Bunker M L, McWilliams M
J Am Diet Assoc. 1979 Jan;74(1):28-32.
Tea, coffee, carbonated and chocolate beverages were analyzed for caffeine, and results compared in terms of usual serving sizes. Significant differences in caffeine levels were found to result from the preparation method of coffee or brewing time of tea. It is possible for a cup of tea, instant coffee, or can of cola beverage to have similar caffeine content (55 to 65 mg.); however, the mean values per cup of black tea (28 to 46 mg.) are considerably lower than for brewed coffee (107 to 151 mg.).
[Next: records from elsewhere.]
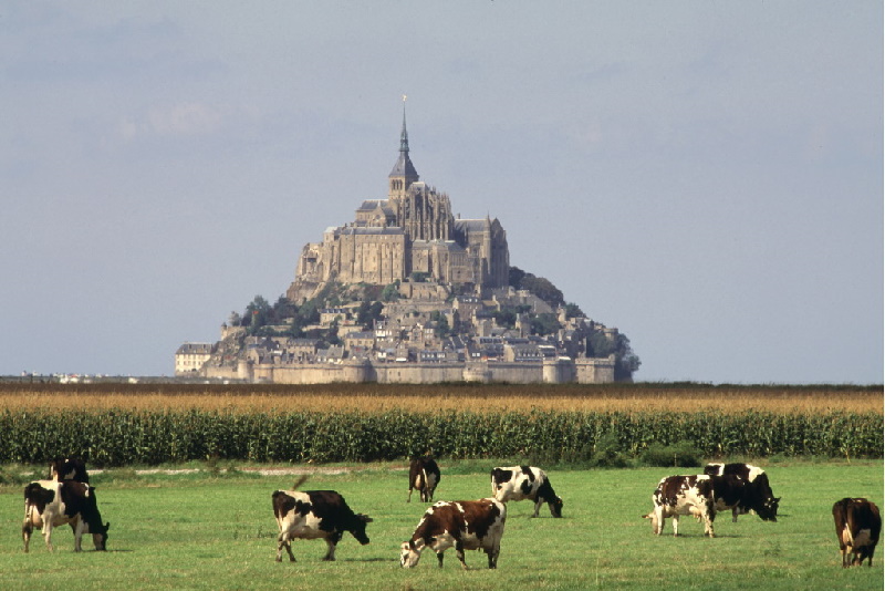 Die felsige Insel Mont-Saint-Michel im Ärmelkanal, etwa 1 Kilometer vor der Küste der Normandie entfernt. Auf dem Berg thront eine Benediktinerabtei.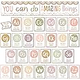 By integrating alphabet cards with uplifting affirmations, this bulletin board becomes the ideal dual-purpose resource for fostering both learning and a growth mindset. Header piece measures 48" x 9". 29 pieces.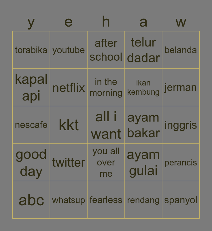 This bingo card has a free space and 24 words: abc, twitter, in the morning, rendang, belanda, torabika, youtube, after school, ayam bakar, inggris, nescafe, netflix, ayam gulai, perancis, kapal api, whatsup, fearless, telur dadar, jerman, good day, kkt, you all over me, ikan kembung and spanyol.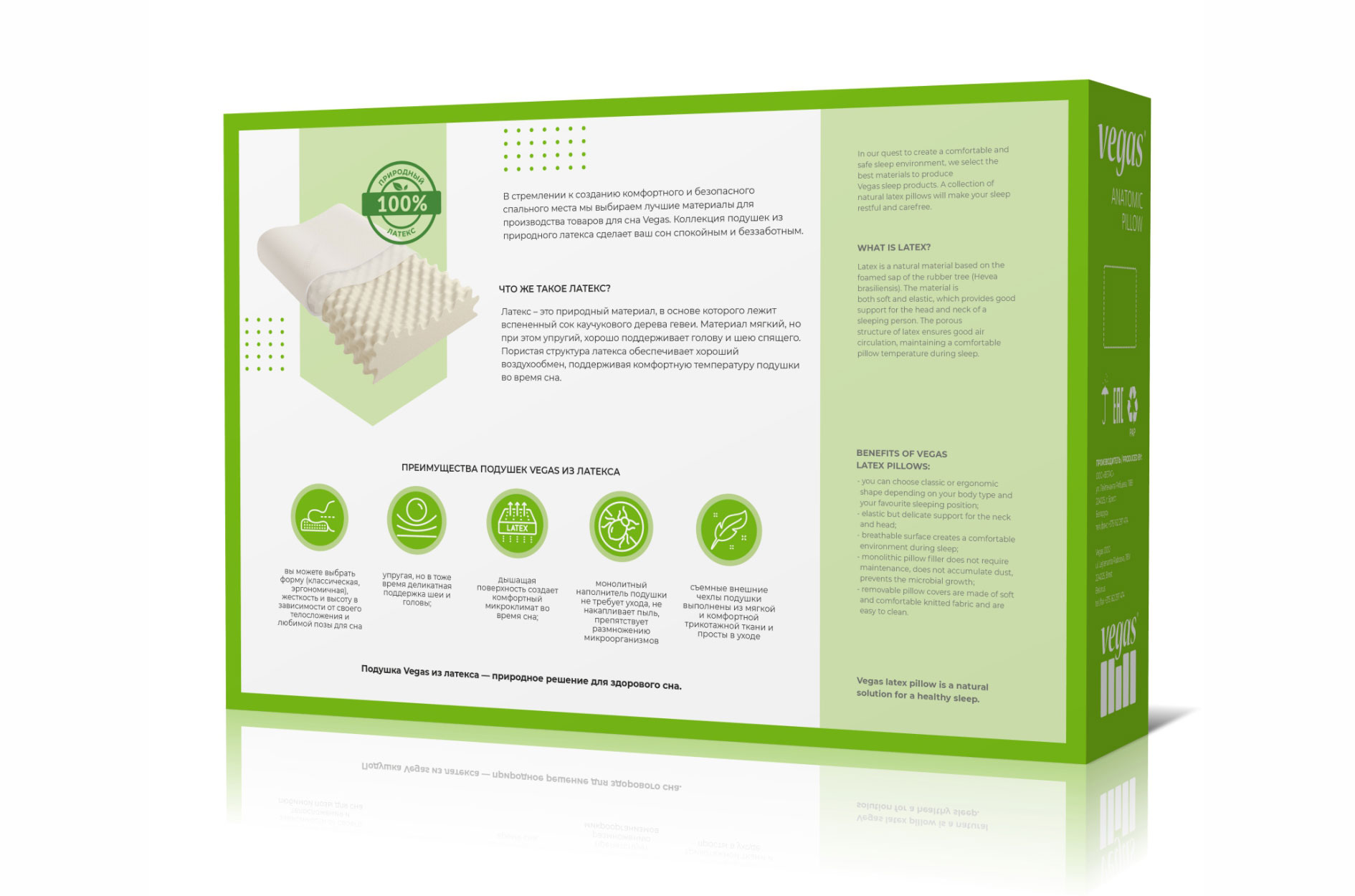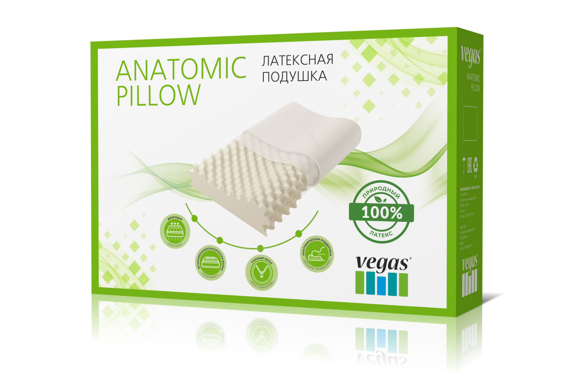 Подушка из природного латекса с приятным массажным эффектом, который достигается благодаря рельефной поверхности. Валики разной высоты позволяют использовать ее независимо от положения во сне.

Caffeine is readily absorbed and can have pharmacologic effects on adults or on children who consume quantities of cola beverages or chocolate. Both preparation method and quantity of beverage consumed should be considered in taking dietary histories or estimating caffeine intake.
对茶、咖啡、碳酸饮料和巧克力饮料进行了咖啡因分析,并根据通常的饮用量比较了结果。发现咖啡因含量的显著差异源于咖啡的制作方法或茶的冲泡时间。一杯茶、速溶咖啡或一罐可乐饮料可能含有相似的咖啡因含量(55至65毫克);然而,每杯红茶的平均值(28至46毫克)远低于煮制咖啡(107至151毫克)。咖啡因很容易被吸收,对饮用大量可乐饮料或巧克力的成年人或儿童可能产生药理作用。在记录饮食史或估计咖啡因摄入量时,应同时考虑饮料的制作方法和饮用量。